Anthony Wilkie Anthony Wilkie: Guilty
The counterfeiting ring began to crack when sheets of fake 20 and 50 notes were seized at Farrier's Isle of Wight home on 14 August last year.

The inquiry, called Operation Mermaid, then led police to Mainstone and Wilkie, who were subsequently arrested and charged.

The money was linked with an earlier 1.5m batch of fake cash for which Jory, an author, had been arrested in December 1994.

He was caught by police in Enfield, North London, on 18 August last year, handing over 20,000 in fake notes to Watmough.

Jory, of Beaconsfield Road, Barnet, London, and Farrier, an engineer of Broadfields Avenue, Cowes, admitted conspiracy to counterfeit currency notes with intent.


Farrier admitted a further charge of conspiring to counterfeit protected coins with intent, while Watmough, of Arrowsmith Road, Chingford, Essex, admitted possessing counterfeit notes with intent.

Mainstone and Wilkie, however, denied the charges against them, claiming they had played no part in the gang.

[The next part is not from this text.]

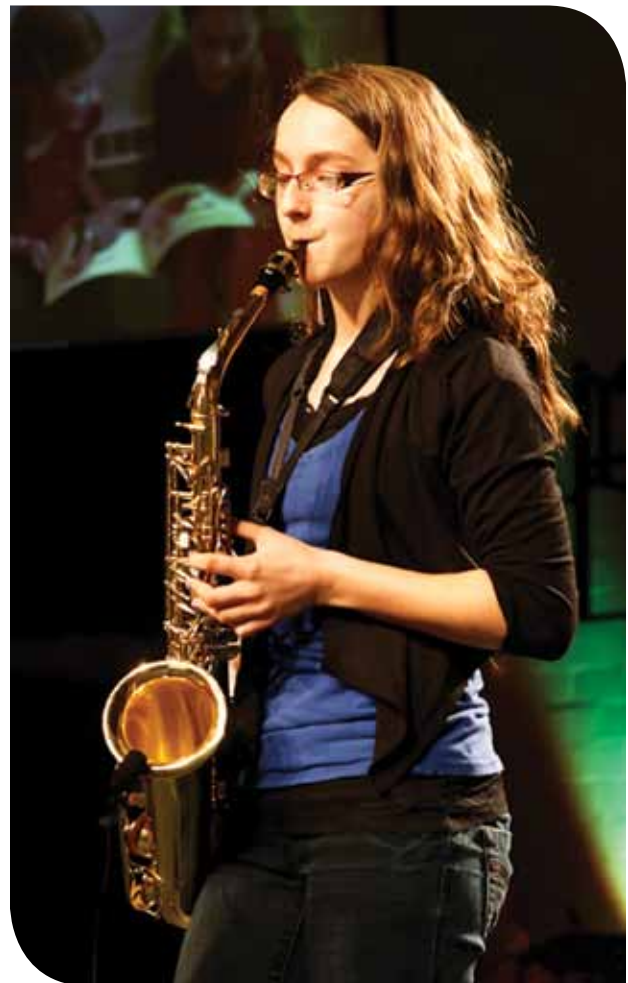
FRANCOPHONE NORD-EST SCHOOL DISTRICT.

In summary, the individual and collective commitment of all the education partners and the various sectors of society, together with the establishment of mechanisms of interdepartmental, intersectoral and community coordination and cooperation, will surely contribute to the creation of a vibrant Francophone space which, for individual and community alike, promotes the building of linguistic and cultural identity, the confidence and desire to express and affirm oneself in French, and participation in the growth of Acadian and Francophone culture and society.

Wilkie said police had planted counterfeiting equipment found at his home while Mainstone said he had let Jory use his printing press for the production of what he believed was soft-core pornography.

Mainstone, of Sunnings Lane, Upminster, Essex, was convicted of conspiracy to counterfeit currency notes with intent and conspiracy to forge stamps.

Sentences later

Wilkie, a tool-maker of Cumbrian Way, Downley, High Wycombe, Bucks, was found guilty of conspiracy to forge stamps and conspiracy to counterfeit protected coins with intent. The verdicts were unanimous.

Burns, of Douglas Road, Ilford, Essex, was cleared of conspiracy to counterfeit notes with intent.

Outside the hearing, Inspector Clive Merrett, the Hampshire police officer who led the inquiry, said the convictions were a "tribute" to the work that had gone into the inquiry.

Judge Michael Brodrick remanded Mainstone and Wilkie in custody until 19 January, when they will be sentenced together with Jory, Farrier and Watmough.